Distribution of Usage Across Area Types

sns.set(rc={"figure.figsize":(15, 6)})
median_usage = (bbdf_county_pov_usage
                .groupby('rucc_area')['Usage']
                .median()
                .sort_values(ascending=False)
                .round(2)
               )
(sns.boxenplot(
    data = bbdf_county_pov_usage,
    y='Usage', x = 'rucc_area' , 
    order = median_usage.index ,
 ).set(title = "Aggregated Broadband Usage (25MBPS+) By Area Type \n\n High Population Areas Have More Access to Broadband Than Other")
);
(sns.kdeplot(
    data = bbdf_county_pov_usage,
    x='Usage', 
    hue = 'rucc_area',
    palette= {'Metro <1M' : '#fc8d59',
              'Metro 1M':'#fc8d59',
              'Metro <.25M':'#fc8d59', 
              'RMetro <2.5K':'blue', 
              'RNon-Metro <2.5K':'blue', 
              'UMetro <20K':'#d8daeb', 
              'UMetro >20K':'#d8daeb',                
              'UNon-Metro >20K':'#d8daeb', 
              'UNon-Metro <20K':'#d8daeb'},
      fill = True
    ).set(title = "Distribution Of Boradband Usage (25MBPS+) By Area Type \n\n Significant Distinction in Access To Broadband Depending On Where You Live")
);

plt.axvline(x=bbdf_county_pov_usage.Usage.median(), label='Median Usage', lw=4, color = 'gray');
plt.text(x = bbdf_county_pov_usage.Usage.median() + 0.025, y = 0.45, s="Median Usage", color='#404040', size='large');
plt.text(x = 0.75, y = 0.3, s="Metro", color='#fc8d59', size='medium');
plt.text(x = -.05, y = 0.3, s="Rural", color='blue', size='medium');
plt.text(x = 0.05, y = 0.45, s="Urban", color='#d8daeb', size='medium');
bbdf_county_pov_usage.groupby('rucc_area')['Usage'].median().round(2)
rucc_area
Metro 1M            0.67
Metro <.25M         0.50
Metro <1M           0.54
RMetro <2.5K        0.17
RNon-Metro <2.5K    0.20
UMetro <20K         0.27
UMetro >20K         0.49
UNon-Metro <20K     0.32
UNon-Metro >20K     0.52
Name: Usage, dtype: float64
bbdf_county_pov_usage.groupby('county_category')['Usage'].median().round(2)
county_category
Metro    0.56
Rural    0.19
Urban    0.35
Name: Usage, dtype: float64

Observations:

Above chart shows distribution of %usage by area types based on RUCC.

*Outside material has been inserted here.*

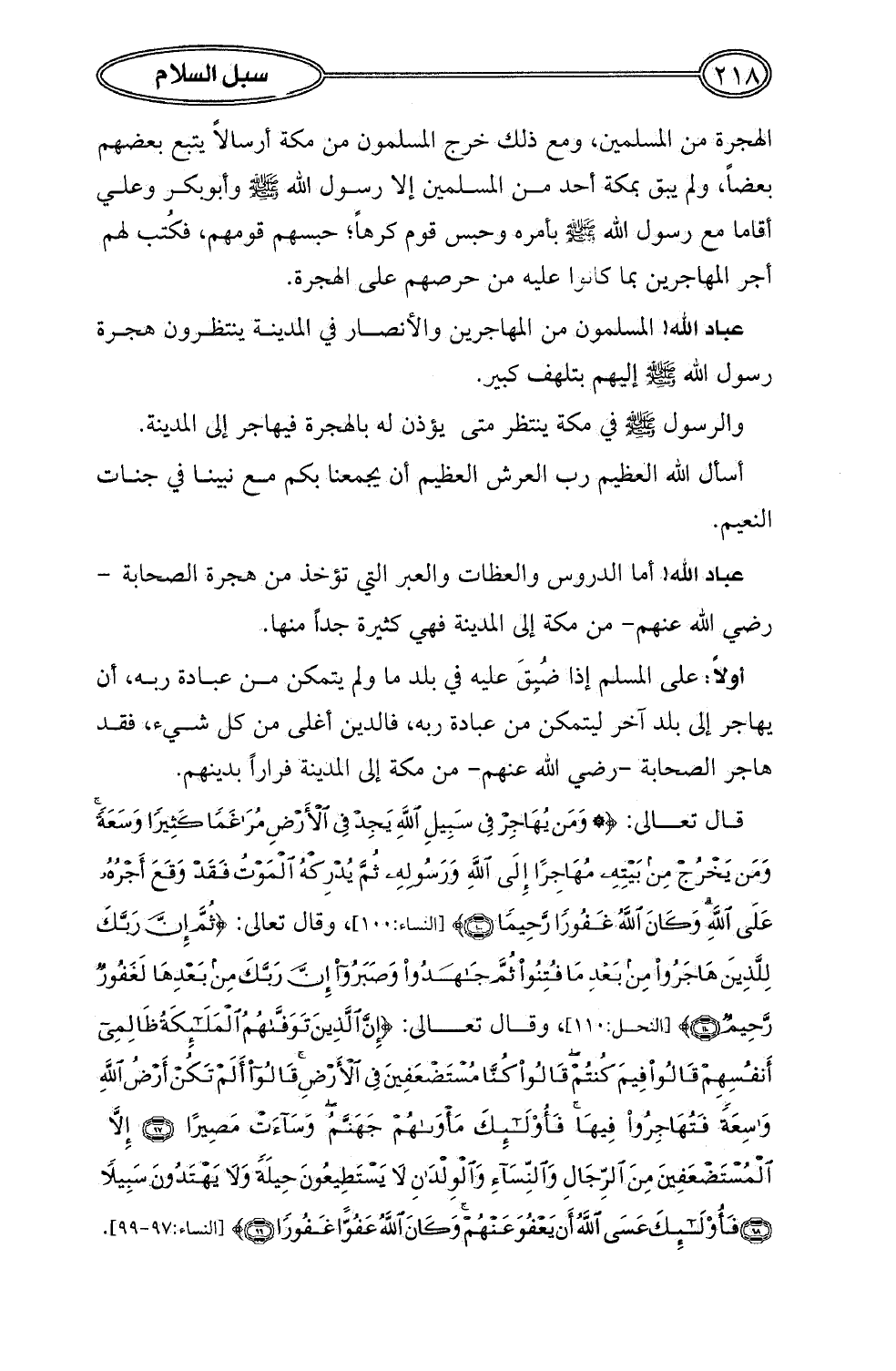 قال تعالى: {وَمَنْ يُهَاجِرْ فِي سَبِيلِ اللَّهِ يَجِدْ فِي الْأَرْضِ مُرَاغَمًا كَثِيرًا وَسَعَةً وَمَنْ يَخْرُجْ مِنْ بَيْتِهِ مُهَاجِرًا إِلَى اللَّهِ وَرَسُولِهِ ثُمَّ يُدْرِكْهُ الْمَوْتُ فَقَدْ وَقَعَ أَجْرُهُ عَلَى اللَّهِ وَكَانَ اللَّهُ غَفُورًا رَحِيمًا (100)} [النساء: 100]، وقال تعالى: {ثُمَّ إِنَّ رَبَّكَ لِلَّذِينَ هَاجَرُوا مِنْ بَعْدِ مَا فُتِنُوا ثُمَّ جَاهَدُوا وَصَبَرُوا إِنَّ رَبَّكَ مِنْ بَعْدِهَا لَغَفُورٌ رَحِيمٌ (110)} [النحل: 110]، وقال تعالى: {إِنَّ الَّذِينَ تَوَفَّاهُمُ الْمَلَائِكَةُ ظَالِمِي أَنْفُسِهِمْ قَالُوا فِيمَ كُنْتُمْ قَالُوا كُنَّا مُسْتَضْعَفِينَ فِي الْأَرْضِ قَالُوا أَلَمْ تَكُنْ أَرْضُ اللَّهِ وَاسِعَةً فَتُهَاجِرُوا فِيهَا فَأُولَئِكَ مَأْوَاهُمْ جَهَنَّمُ وَسَاءَتْ مَصِيرًا (97) إِلَّا الْمُسْتَضْعَفِينَ مِنَ الرِّجَالِ وَالنِّسَاءِ وَالْوِلْدَانِ لَا يَسْتَطِيعُونَ حِيلَةً وَلَا يَهْتَدُونَ سَبِيلًا (98) فَأُولَئِكَ عَسَى اللَّهُ أَنْ يَعْفُوَ عَنْهُمْ وَكَانَ اللَّهُ عَفُوًّا غَفُورًا (99)} [النساء: 97 - 99].

  1. We can clearly see that rural areas in the US have significantly lower access to broadband internet compared to metro areas.

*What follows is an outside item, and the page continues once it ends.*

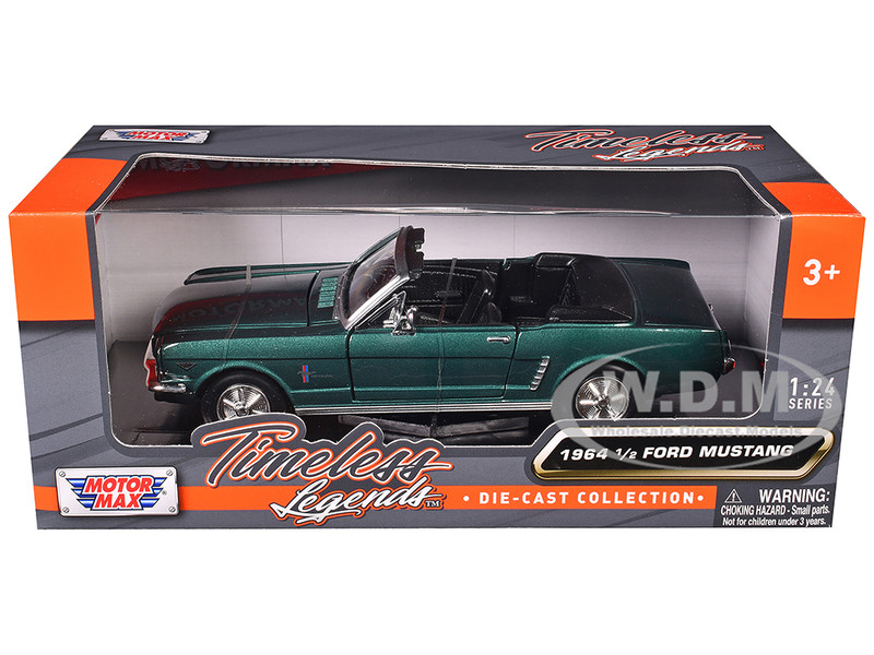 - Brand new 1/24 scale diecast car model of 1964 1/2 Ford Mustang Convertible Green Metallic die cast model car by Motormax.

  2. There is ~37% differrence between households living in rural vs metro areas.

  3. Metro area shows bi-modal distribution. It's possible certain metro areas have much lower access to broadband internet. I will explore that in future analysis.

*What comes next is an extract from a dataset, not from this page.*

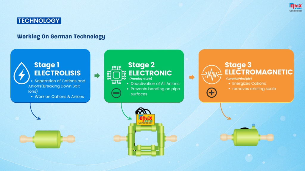 TECHNOLOGY Working On German Technology Stage 1 ELECTROLISIS Separation of Cations and Anions(Breaking Down Salt Ions) Work on Cations & Anions Stage 2 ELECTRONIC (Faraday’s Law) Stage 3 ELECTROMAGNETIC (Lorentz Principle) Energizes Cations removes existing scale Deactivation of All Anions Prevents bonding on pipe surfaces

  4. 67% of households in metros with 1 million or more population have access to broadband !

This is a significant disparity !

usagev_vs_hh = (bbdf_county_pov_usage.groupby('rucc_area')
    .agg(
        Median_Usage = ('Usage','median'),
        Total_Households = ('Total_Households','sum')
    )
)
usagev_vs_hh
Median_Usage Total_Households
rucc_area
Metro 1M 0.667304 65090082
Metro <.25M 0.500584 12366652
Metro <1M 0.539444 24873710
RMetro <2.5K 0.168310 958576
RNon-Metro <2.5K 0.200098 1068921
UMetro <20K 0.265684 6111594
UMetro >20K 0.486277 6187898
UNon-Metro <20K 0.316405 3465090
UNon-Metro >20K 0.524717 2360686

Does Median Income Of the Area Matter?

I combined the median income from US census 2020 with above data to understand the influence of median income.

sns.set_style("white")
sns.set(rc={"figure.figsize":(10, 6)})
(sns.scatterplot(data= bbdf_county_pov_usage, 
                x='Median_income',
                y ='Usage', 
                hue = 'county_category', 
                palette= {'Metro <1M' : '#fc8d59',
                          'Metro':'#fc8d59',
                          'Rural':'blue', 
                          'Urban':'#67a9cf',
                          
             },alpha=0.7)
).set(title="%Households with Access to Broadband Internet vs. Median Income");
plt.show()
sns.set(rc={"figure.figsize":(10, 6)})
(sns.lmplot(data= bbdf_county_pov_usage, 
            x='Median_income', 
            y ='Usage', 
            hue = 'county_category', 
            scatter=False)
 
 
).set(title="Linear Fit: %Households with Access to Broadband Internet vs. Median Income");
(sns.kdeplot(data=bbdf_county_pov_usage,
             x=(bbdf_county_pov_usage["Median_income"]), 
             y="Usage", 
             hue="county_category",
             fill=True, 
             alpha=0.80,
             thresh = 0.50, 
             levels = 10,
            palette= {    'Metro':'#fc8d59',
                          'Rural':'blue', 
                          'Urban':'#67a9cf',
                          
             })
 
).set(title="Distribution of %Households with Access to Broadband Internet vs. Median Income");

Observations

Above three plots show relationship between distribution of %households with access to internet vs. the median income.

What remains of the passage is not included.